For those data elements that attain the appropriate incremental predictive power to warrant implementation into an insurer's business processes — and are available and permissible for use — an implementation plan must be developed.

The development of the business implementation rules should involve the users of the results and should match operational and strategic plans. Operational management should help establish monitoring and fine-tuning processes to ensure business goals are being met. Your information technology staff may need to be involved to build data feeds for real-time and batch data transfer. And legal and finance will need to participate in contract negotiations if any third-party data sources are earmarked for implementation.

Communication to all those involved is key. Can you effectively explain to those affected by the inclusion of the new data how it may alter their daily activities? Wherever possible, discuss how the new data may impact them, and also provide explanations that can be used to answer questions from new or existing policyholders.

As for timing, decide where and when you will begin using the new data. Will you use the data on new business only or for renewals? Will you transition your existing book incrementally or all at once? Your rollout doesn't require a full integration. You can achieve results with a phased implementation. This approach allows for testing and refinement before full integration.

After implementation, you may need to fine-tune the process and make adjustments to meet your business needs. Plan to refresh the data according to a predetermined schedule and perform minor recalibrations if necessary. And monitor whether all participants in the implementation are executing the plan properly.

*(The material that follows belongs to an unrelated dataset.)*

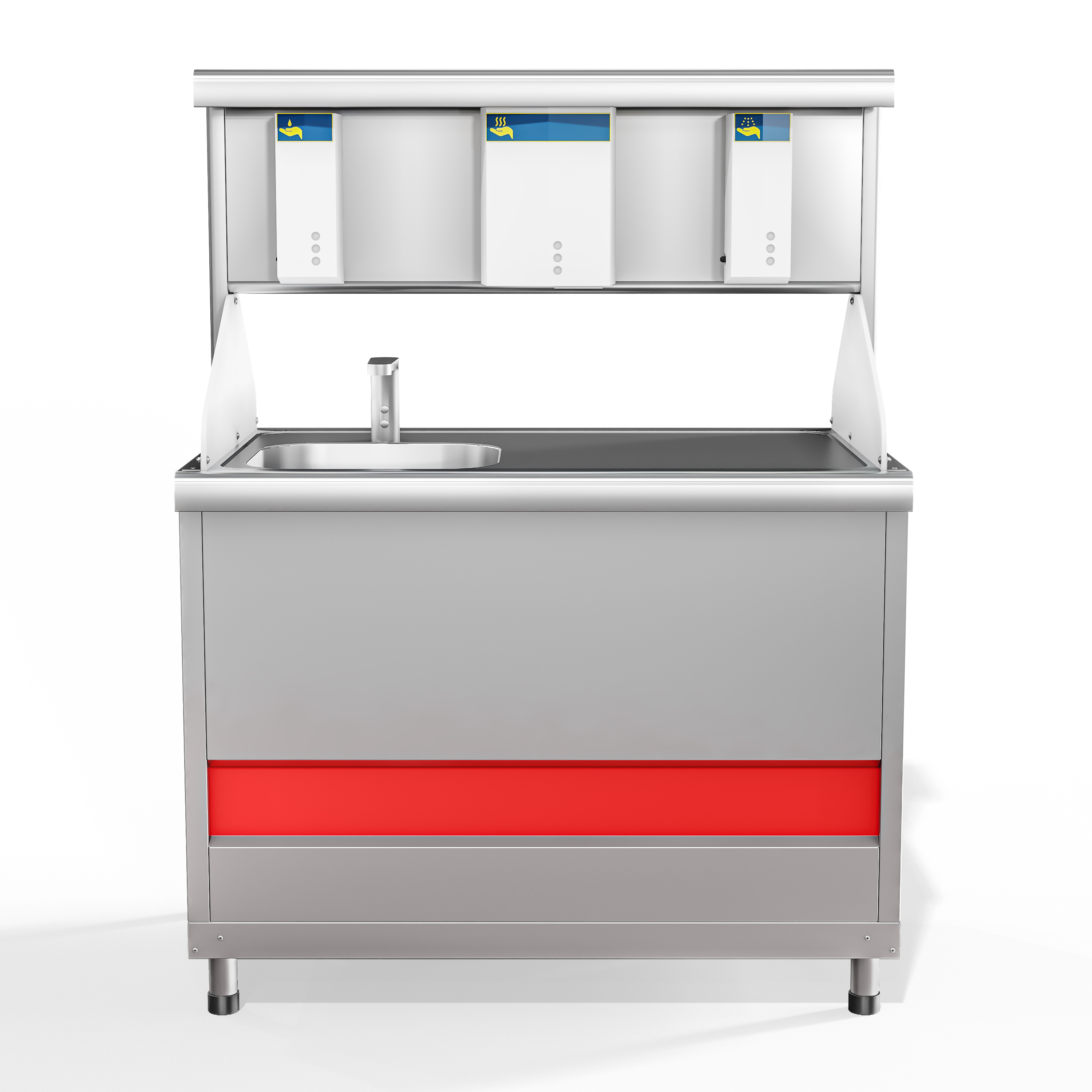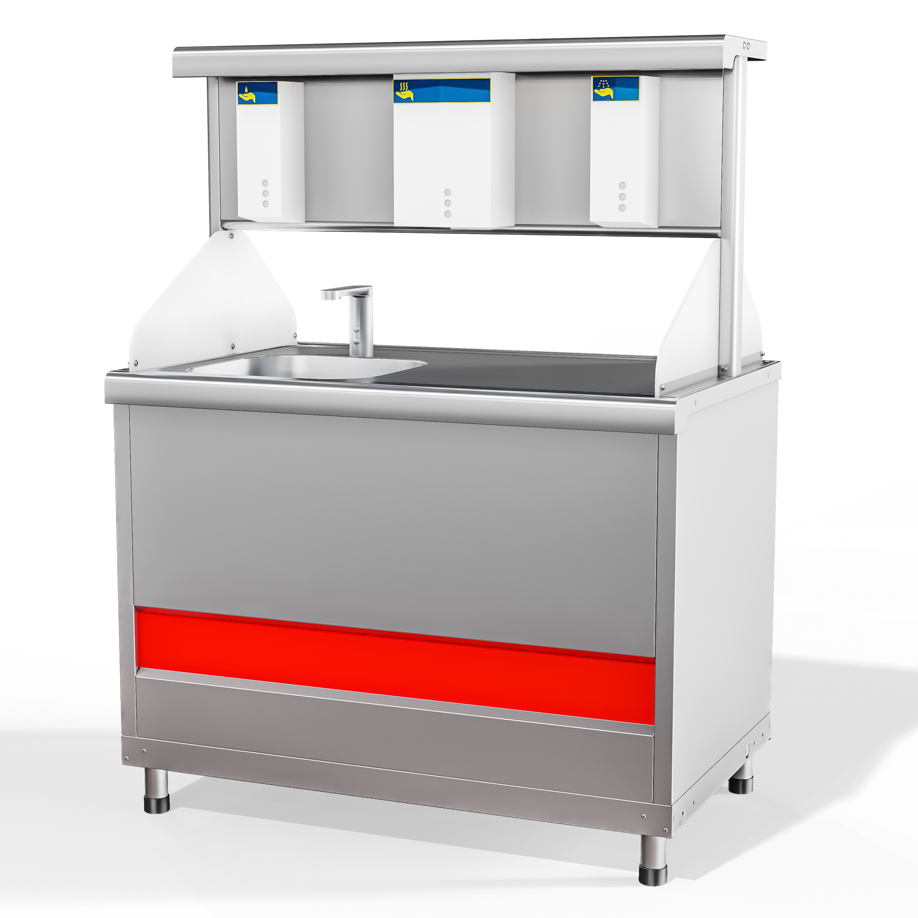 Прилавок обеспечивает автоматическую бесконтактную дозацию жидкого мыла на руки клиентов, мытьё рук, сушку рук и автоматическую бесконтактную дозацию антисептического раствора на руки пользователя.

To remain competitive, continue to look for new data sources and/or additions to existing data that were previously unavailable, along with new ways to analyze and integrate information. Observe changing market conditions so you can adjust your competitive strategy accordingly.

Developing a data management capability for analytics and effectively implementing the data into your processes requires specialized skills and techniques. It is not easy, quick, or inexpensive, but it is arguably the cornerstone of any serious advanced analytics effort and essential to attaining or maintaining a meaningful competitive advantage.

Phil Hatfield is vice president of product development at ISO Innovative Analytics (IIA). Darlene Pogrebinsky is vice president of product management at ISO Innovative Analytics (IIA). Gerry Gloskin is director of data warehousing at ISO Innovative Analytics (IIA). IIA is dedicated to developing new analytic products and enhancing existing products through strategic alliances with ISO business units, subsidiaries, and client companies.